RECORDS FOR THE TASK: Begin

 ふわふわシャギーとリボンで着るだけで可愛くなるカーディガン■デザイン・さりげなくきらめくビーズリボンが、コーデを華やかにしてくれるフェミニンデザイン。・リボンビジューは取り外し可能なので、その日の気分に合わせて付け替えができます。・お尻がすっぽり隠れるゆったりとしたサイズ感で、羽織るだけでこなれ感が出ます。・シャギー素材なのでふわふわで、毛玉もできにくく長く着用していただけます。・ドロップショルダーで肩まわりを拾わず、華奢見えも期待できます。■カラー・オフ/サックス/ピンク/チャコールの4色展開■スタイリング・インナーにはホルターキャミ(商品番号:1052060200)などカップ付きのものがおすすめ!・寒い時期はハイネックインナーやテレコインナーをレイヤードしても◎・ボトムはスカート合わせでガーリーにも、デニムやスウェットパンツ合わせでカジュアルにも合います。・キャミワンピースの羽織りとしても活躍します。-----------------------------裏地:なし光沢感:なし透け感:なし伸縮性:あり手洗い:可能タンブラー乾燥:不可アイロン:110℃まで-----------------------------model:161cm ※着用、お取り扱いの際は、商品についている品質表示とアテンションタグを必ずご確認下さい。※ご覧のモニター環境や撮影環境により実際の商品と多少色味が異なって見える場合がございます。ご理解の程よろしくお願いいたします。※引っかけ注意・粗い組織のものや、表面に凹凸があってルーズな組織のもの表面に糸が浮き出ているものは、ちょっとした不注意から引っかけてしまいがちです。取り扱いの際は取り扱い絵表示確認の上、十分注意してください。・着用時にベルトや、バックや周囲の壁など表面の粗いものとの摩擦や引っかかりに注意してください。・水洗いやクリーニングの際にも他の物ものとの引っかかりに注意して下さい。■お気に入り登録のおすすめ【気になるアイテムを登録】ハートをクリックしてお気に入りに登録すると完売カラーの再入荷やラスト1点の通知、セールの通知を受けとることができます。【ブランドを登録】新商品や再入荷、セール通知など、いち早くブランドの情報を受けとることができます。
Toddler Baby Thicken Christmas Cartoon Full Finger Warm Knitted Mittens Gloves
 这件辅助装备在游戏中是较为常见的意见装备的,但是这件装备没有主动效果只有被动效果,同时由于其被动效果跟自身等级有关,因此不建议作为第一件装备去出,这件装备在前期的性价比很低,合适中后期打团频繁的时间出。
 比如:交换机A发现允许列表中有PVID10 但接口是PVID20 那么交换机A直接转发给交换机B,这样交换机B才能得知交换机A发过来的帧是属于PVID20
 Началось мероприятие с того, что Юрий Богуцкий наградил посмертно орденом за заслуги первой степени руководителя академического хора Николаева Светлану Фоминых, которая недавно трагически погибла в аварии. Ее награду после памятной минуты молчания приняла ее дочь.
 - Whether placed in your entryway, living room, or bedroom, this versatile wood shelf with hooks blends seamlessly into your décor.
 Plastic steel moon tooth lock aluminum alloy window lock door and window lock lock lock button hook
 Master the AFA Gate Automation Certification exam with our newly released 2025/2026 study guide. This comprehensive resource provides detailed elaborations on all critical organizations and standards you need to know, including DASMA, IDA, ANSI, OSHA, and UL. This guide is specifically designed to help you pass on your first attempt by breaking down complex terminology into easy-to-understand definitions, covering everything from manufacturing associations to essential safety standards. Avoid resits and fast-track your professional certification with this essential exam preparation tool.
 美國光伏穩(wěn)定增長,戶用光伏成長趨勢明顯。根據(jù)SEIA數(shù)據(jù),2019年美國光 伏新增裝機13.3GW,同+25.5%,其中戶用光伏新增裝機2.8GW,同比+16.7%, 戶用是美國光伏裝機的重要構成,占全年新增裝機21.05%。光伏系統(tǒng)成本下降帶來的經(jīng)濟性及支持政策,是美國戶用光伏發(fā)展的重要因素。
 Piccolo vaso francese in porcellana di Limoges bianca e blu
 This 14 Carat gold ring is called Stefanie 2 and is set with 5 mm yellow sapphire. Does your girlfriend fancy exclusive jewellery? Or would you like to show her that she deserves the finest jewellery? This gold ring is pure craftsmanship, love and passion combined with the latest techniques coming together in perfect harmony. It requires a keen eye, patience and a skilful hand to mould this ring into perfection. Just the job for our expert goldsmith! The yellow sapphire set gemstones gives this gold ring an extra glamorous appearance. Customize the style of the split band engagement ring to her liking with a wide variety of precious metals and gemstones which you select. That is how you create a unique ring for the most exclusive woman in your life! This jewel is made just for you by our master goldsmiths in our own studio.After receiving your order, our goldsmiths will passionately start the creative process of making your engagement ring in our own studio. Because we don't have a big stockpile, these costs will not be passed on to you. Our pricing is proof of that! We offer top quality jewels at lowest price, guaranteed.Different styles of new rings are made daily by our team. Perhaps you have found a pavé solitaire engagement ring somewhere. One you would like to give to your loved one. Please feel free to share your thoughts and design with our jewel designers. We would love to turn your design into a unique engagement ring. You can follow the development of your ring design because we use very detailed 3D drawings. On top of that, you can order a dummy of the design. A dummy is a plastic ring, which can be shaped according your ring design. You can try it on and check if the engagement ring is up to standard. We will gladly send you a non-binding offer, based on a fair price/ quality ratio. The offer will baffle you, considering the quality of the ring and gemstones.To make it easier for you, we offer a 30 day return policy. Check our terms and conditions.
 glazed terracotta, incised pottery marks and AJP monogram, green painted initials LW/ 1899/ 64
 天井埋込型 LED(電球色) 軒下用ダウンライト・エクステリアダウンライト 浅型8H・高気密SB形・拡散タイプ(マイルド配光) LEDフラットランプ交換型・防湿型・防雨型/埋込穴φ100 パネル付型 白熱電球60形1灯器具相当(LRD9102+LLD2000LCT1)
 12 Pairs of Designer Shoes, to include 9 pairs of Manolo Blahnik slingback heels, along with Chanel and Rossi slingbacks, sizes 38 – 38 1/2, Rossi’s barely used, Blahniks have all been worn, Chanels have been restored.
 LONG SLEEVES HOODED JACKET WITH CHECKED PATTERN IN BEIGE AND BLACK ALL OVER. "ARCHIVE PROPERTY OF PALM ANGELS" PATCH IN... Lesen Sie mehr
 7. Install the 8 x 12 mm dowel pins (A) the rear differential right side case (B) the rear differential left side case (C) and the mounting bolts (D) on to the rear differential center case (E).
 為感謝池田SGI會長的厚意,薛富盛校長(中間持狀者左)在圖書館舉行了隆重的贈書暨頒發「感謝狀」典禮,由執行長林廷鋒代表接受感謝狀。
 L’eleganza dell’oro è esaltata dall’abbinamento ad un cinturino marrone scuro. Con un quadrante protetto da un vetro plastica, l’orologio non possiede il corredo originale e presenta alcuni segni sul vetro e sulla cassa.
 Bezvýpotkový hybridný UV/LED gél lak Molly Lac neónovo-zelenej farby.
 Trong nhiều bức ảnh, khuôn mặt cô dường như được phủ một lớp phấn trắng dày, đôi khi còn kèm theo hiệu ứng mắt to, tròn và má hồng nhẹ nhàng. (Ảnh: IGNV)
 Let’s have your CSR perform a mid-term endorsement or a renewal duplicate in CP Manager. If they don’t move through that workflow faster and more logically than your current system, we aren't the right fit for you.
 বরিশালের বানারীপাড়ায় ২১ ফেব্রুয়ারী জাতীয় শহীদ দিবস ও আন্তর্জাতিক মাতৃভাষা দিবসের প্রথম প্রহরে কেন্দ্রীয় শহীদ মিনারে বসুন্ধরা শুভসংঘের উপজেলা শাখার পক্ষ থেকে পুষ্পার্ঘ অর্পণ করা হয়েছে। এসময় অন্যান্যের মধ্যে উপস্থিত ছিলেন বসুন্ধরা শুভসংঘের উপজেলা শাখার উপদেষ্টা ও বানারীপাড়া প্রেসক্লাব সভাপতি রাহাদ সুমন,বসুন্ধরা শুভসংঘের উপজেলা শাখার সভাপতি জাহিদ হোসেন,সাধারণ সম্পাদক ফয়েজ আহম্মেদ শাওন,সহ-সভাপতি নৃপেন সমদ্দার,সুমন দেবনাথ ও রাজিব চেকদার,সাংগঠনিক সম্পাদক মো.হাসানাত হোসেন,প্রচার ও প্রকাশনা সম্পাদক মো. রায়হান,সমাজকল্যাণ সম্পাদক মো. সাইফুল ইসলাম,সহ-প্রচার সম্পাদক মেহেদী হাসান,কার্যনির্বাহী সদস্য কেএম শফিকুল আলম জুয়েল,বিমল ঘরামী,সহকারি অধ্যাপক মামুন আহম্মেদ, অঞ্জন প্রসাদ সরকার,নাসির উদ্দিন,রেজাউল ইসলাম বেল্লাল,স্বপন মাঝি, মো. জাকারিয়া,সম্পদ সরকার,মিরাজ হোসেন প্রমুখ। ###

RECORDS FOR THE TASK: End

Pick out every line above that contains the word "right" and copy it.

**TASK RESPONSE:**
 7. Install the 8 x 12 mm dowel pins (A) the rear differential right side case (B) the rear differential left side case (C) and the mounting bolts (D) on to the rear differential center case (E).
 Let’s have your CSR perform a mid-term endorsement or a renewal duplicate in CP Manager. If they don’t move through that workflow faster and more logically than your current system, we aren't the right fit for you.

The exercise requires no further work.